Certainly he realised all that was lacking in these rough sketches, to which Guys himself attached not the slightest importance once they had been traced on wood by the clever engravers of the "Illustrated London News." But Baudelaire was struck by the spirit, the clear-sightedness, and powerful observation they displayed, literary qualities graphically translated in the language of line. He loved in these drawings the complete absence of antiquity—that is to say, of classical tradition—and the deep sentiment of what we call "decadence," for lack of a word more expressive of our meaning. But we know what Baudelaire understood by "decadence." Did he not say somewhere, à propos of these literary distinctions:—"It seems to me that two women are presented to me; the one a rustic matron, rude in health and virtue, without allurement or worth; briefly, owing nothing except to simple nature; the other, one of those beauties who dominate and fascinate the mind, uniting, with her powerful and original charm, all the eloquence of the toilet, mistress of her bearing, conscious and queen of herself, with a voice of harmonious melody, and dreamy gaze allowed to travel whither it will. My choice cannot be doubted, however many pedagogues reproach me with lack of classical honour?"
This so original comprehension of modern beauty turns the question, for it regards antique beauty as primitive, coarse, barbarous; a paradoxical opinion undoubtedly, but one which can be upheld. Balzac much preferred, to the Venus of Milo, a Parisienne élégante, delicate, coquettish, draped in cashmere, going furtively on foot to some rendezvous, her chantilly violet held to her nose, her head bent in such a way as to display, between the brim of her hat and the last fold of her shawl, the nape of a neck like a column of ivory, over which some stray curl glistens in the sunlight. This has its charms; but, for our part, we prefer the Venus of Milo.

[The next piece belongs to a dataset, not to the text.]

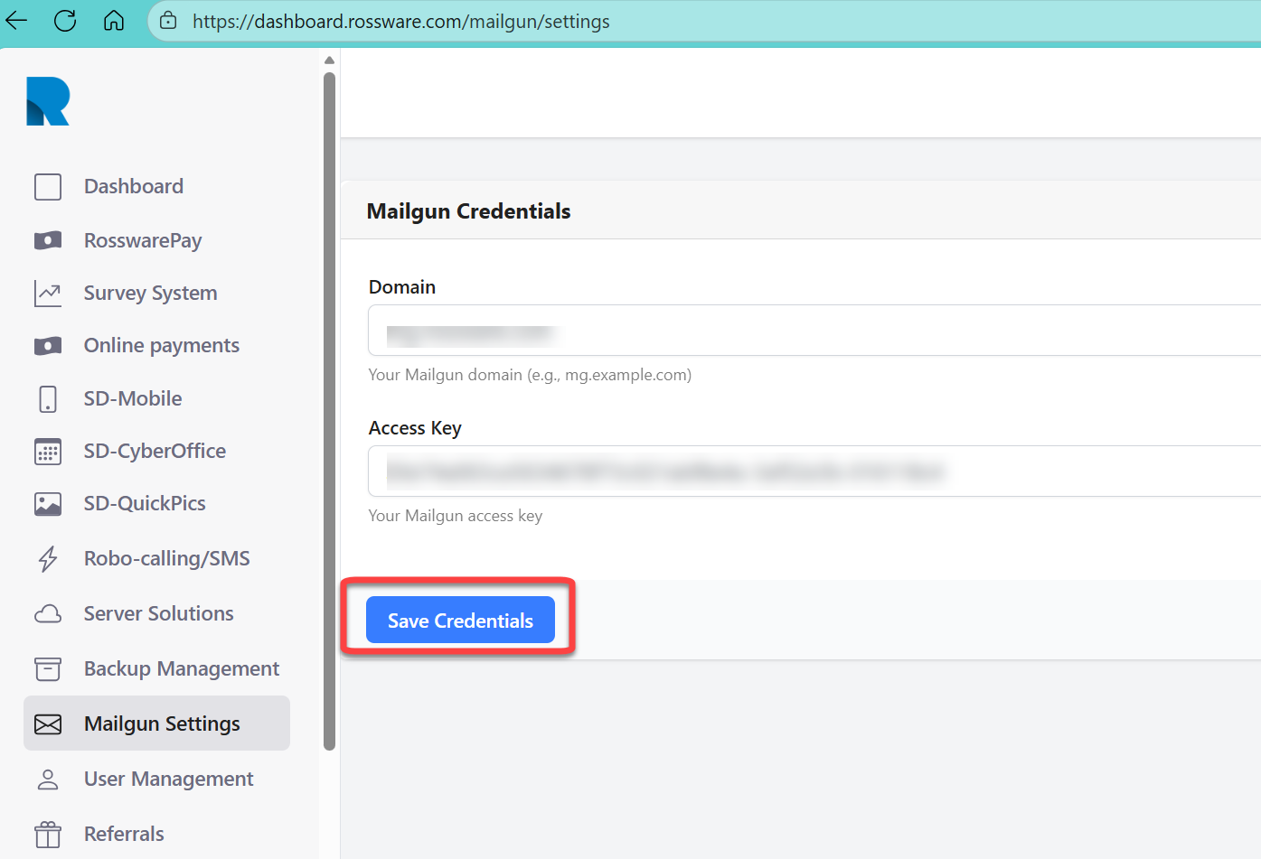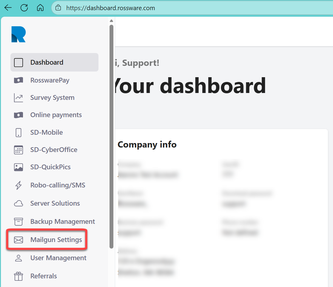 Rossware programs allow Mailgun integration to streamline email configuration for sending confirmation requests, invoices, and more. Create a Mailgun account for your business to get started.

With such ideas as these one can imagine that for some time Baudelaire was inclined towards the realistic school of which Courbet is the god and Manet the high-priest. But if certain sides of his nature were such as could be satisfied by direct, and not traditional, representation of ugliness, or at least of contemporary triviality, his aspirations for Art, elegance, luxury, and beauty led him towards a superior sphere. And Delacroix, with his febrile passion, his stormy colours, his poetical melancholy, his palette of the setting sun, and his clever expression of the decadence, was, and remained, his master by election.